A taxa era cara, equivalia a mais da metade do que cada um recebia num ano, e era cobrada individualmente. Deus sabe o quanto cada um de nós recebe. E se pagássemos menos, não veríamos nada; sem contar no fato de que teríamos que pagar a quantia exata outra vez, não dava para apenas inteirar o valor. Bem, quanto aos pobres, claro que eles não teria condições de pagar. E você acha que o Justo Juiz não pensaria nisso ao dar sua sentença? Ele estipulou da seguinte maneira: quem ajudasse um pobre a pagar sua taxa receberia desconto de 50% no próximo pagamento. Assim, com aquela sede enorme de ter um desconto na próxima vez, não houve pobre que não tivesse um “padrinho”.

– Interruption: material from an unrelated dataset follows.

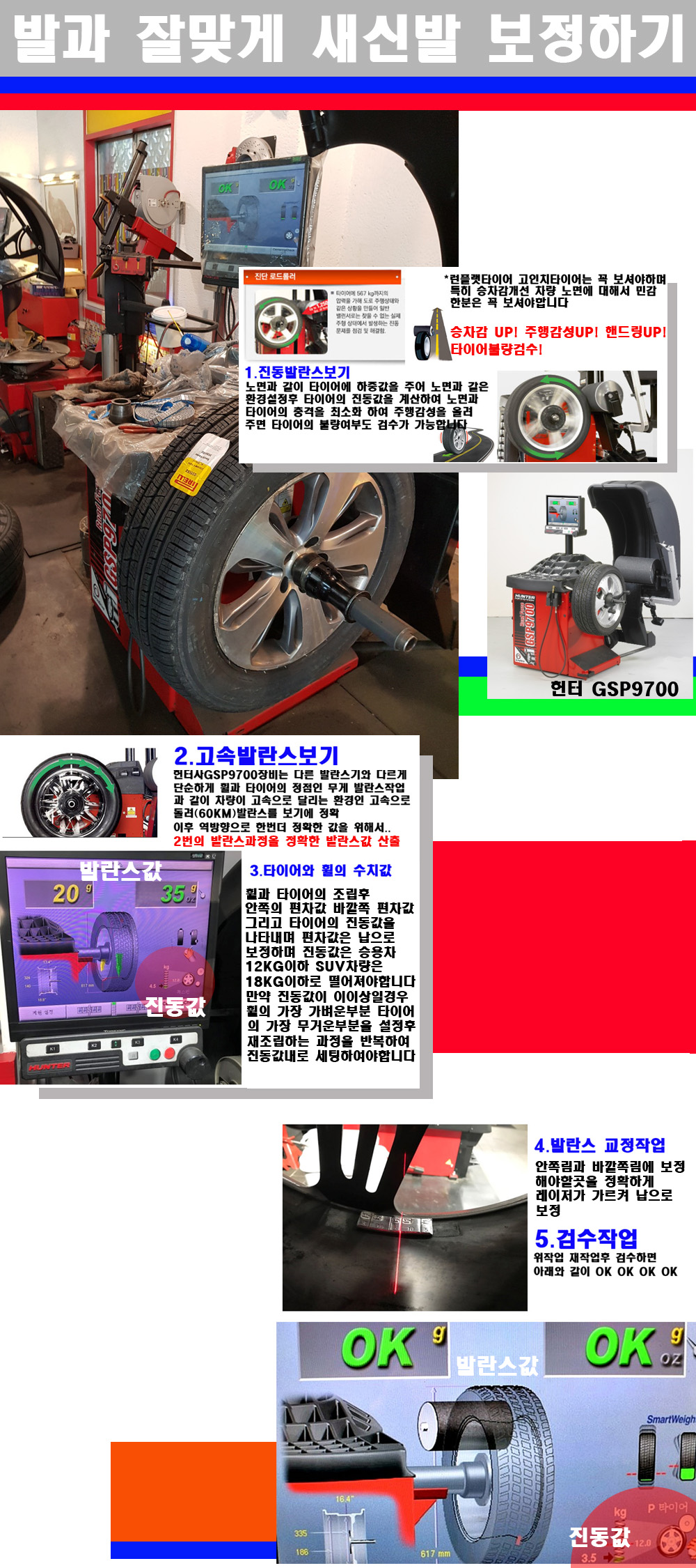그리고 작업자에게는 불필요한 발란스납을 붙이지 않아 미관상으로 좋고 납을 절약하는 고객님에게도윈이고 작업자에게도 윈윈할수 있는 장비입니다 그리고 시중에서 고속진동발란스라고 말하시는 샵들이 많은데 꼭아셔야하는것은 고속발란스는 말그대로 발란스를 볼때 고속으로 돌리기에 60키로 전후 그리고 진동값을 계산하기위해서는 발란스기에 진동롤러가 있어야합니다 그래서 미국헌터사 GSP9700장비가 유일합니다 다른 샵에서 말하는 발란스기는 고속진동발란스기능없는 일반발란스 기기입니다 이점 꼭 아시고 장착하시기를 바랍니다

Assim se sucedeu, e agora vem a parte mais incrível – e irônica também. Ao contemplar o mero vôo de uma borboleta colorida, ou mesmo aquelas negras borboletas que se camuflam entre madeiras podres, a sensação interior de cada homem e mulher, idoso ou criança, era de estar no paraíso. Para se ter uma idéia, quadruplicou o número de poetas, em cada rua tinha um, juntamente com músicos que tratavam de inserir melodia aos seus versos. Romances? Puxa, aconteciam aos montes. Os jovens sentiam-se tão inspirados nos parques, que não se continham; eram loucamente atraídos pela beleza da beleza que seus parceiros ganhavam estando no meio de tanta vida.

Os pais enchiam seus olhos de lágrimas ao verem seus filhos correrem freneticamente na relva molhada pelo orvalho da madrugada. Uma segurança tomou conta do coração dos ambientalistas e naturalistas, sentiam não mais ser efêmera a vida na terra. Agradeciam e louvavam a Deus pela oportunidade de pagar pelo prazer de estar entre animais silvestres, flores exóticas, árvores frutíferas, e toda sorte de vida que passou a reflorecer no mundo.

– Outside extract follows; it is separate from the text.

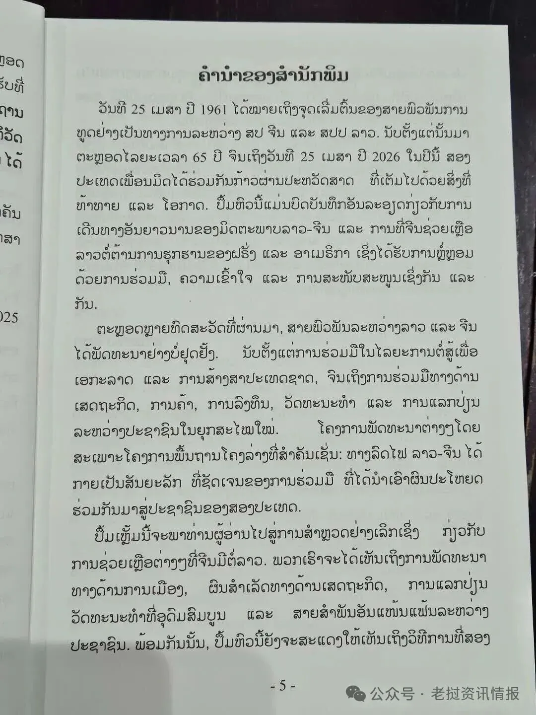 1961年4月25日标志着中国和老挝正式建立外交关系的起点。 从那时起至今已有65年(至2026年4月25日)。 在这一年里,两个友好国家共同跨越了充满挑战和机遇的历史。 这本书是一份详尽的记录,记述了老中友谊的漫长旅程,以及中国援助老挝反抗法国和美国侵略的历史,这其中充满了相互的合作、理解和支持。

Foi aí que, em cima de uma rocha, refletindo acerca de como fôramos ingratos e mal-agradecidos pelo majestoso presente que nos rodeava durante toda a nossa história, escorreguei-me de uma rocha lisa por causa da vastidão de musgos que nela havia e bati com a cabeça no na terra fofa...

Não tão fofo assim era o piso do chão do meu quarto – havia caído da cama –, quando de repente vi-me de volta à vida normal, cheia de incongruências e indiferenças muitas, desprezo pela vida e maldade no coração.

Um sonho e tanto, eu diria. Valeu a pena. Serviu-me de guia para uma vida mais vívida, para um provar mais ávido dos sabores da vida, para a consciência de uma responsabilidade madura e adulta em relação todos os bens naturais que Deus me presenteou.